Finn: That’s absolutely correct. And I can tell you that, from the perspective of a CIO at a large integrated delivery network. We tended to see those silos around who was responsible for what. We’re starting to see GRC—governance risk and compliance—migrate into the private sector from the government sector. And we’ll add governance to next year’s report, because governance is key within the NIST framework, but they don’t have specific scoring yet. But when you started to look at integrated GRC, you see that the risks are about the data, including around availability. And that might not even be an IT issue; maybe the electricity is out.
And it also becomes an issue of confidentiality. Maybe someone printed out face sheets and they’re sitting around the office. So it’s a data issue. Data permeates everything, and if you’re not going to address this at that level, you’re going to miss those risks. One of the things I “loved” in this report was the fact that most organizations have seen an 11-percent increase in printed paper since EHR implementation. And we’ve neglected the fact that we’ve implemented EHRs, but we’re still printing things out. So you have to look at things holistically. I just did a report to a group where they had not integrated their physical and IT security. IT had done a good job, but there were physical risks.

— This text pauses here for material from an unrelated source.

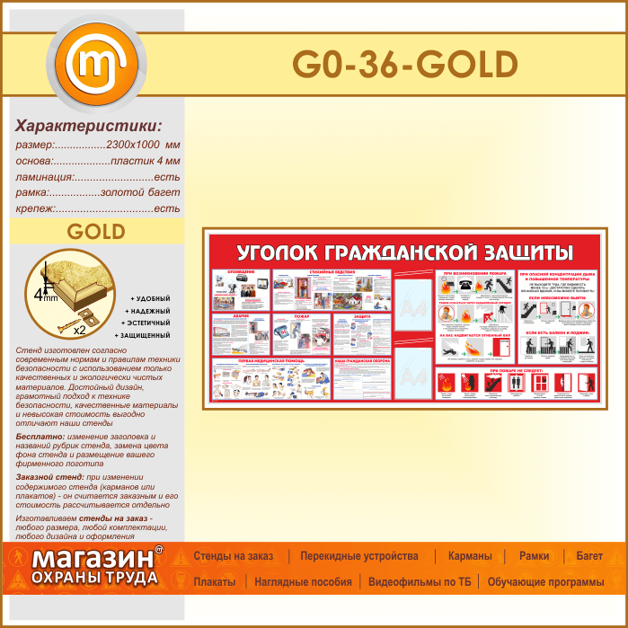 Стенд «Уголок гражданской защиты» c 2 карманами (GO-36-GOLD) в Великом Новгороде купить

What would your advice be to CIOs, CISOs, and all other healthcare IT leaders?
Finn: I’ve been saying it for many years: the issue is that CIOs and CISOs have got to stop talking technology with the non-IT people. The non-IT people don’t really care about the technology; they just expect it to be there, and for it to work. We have to talk business issues with the business people. If someone got surgery on the wrong side, then we’re in trouble. But if the wrong-site surgery took place because someone went in and maliciously altered the data in the EHR [electronic health record], then that’s an issue. We have to focus on the patients. We don’t leave patients sitting in parking lots, yet we’ll leave data sitting out in public view; and we don’t send patients to the wrong clinic. We’ve got to take that same level of care with the data. And part of that is telling the story from a business perspective, not from an IT perspective.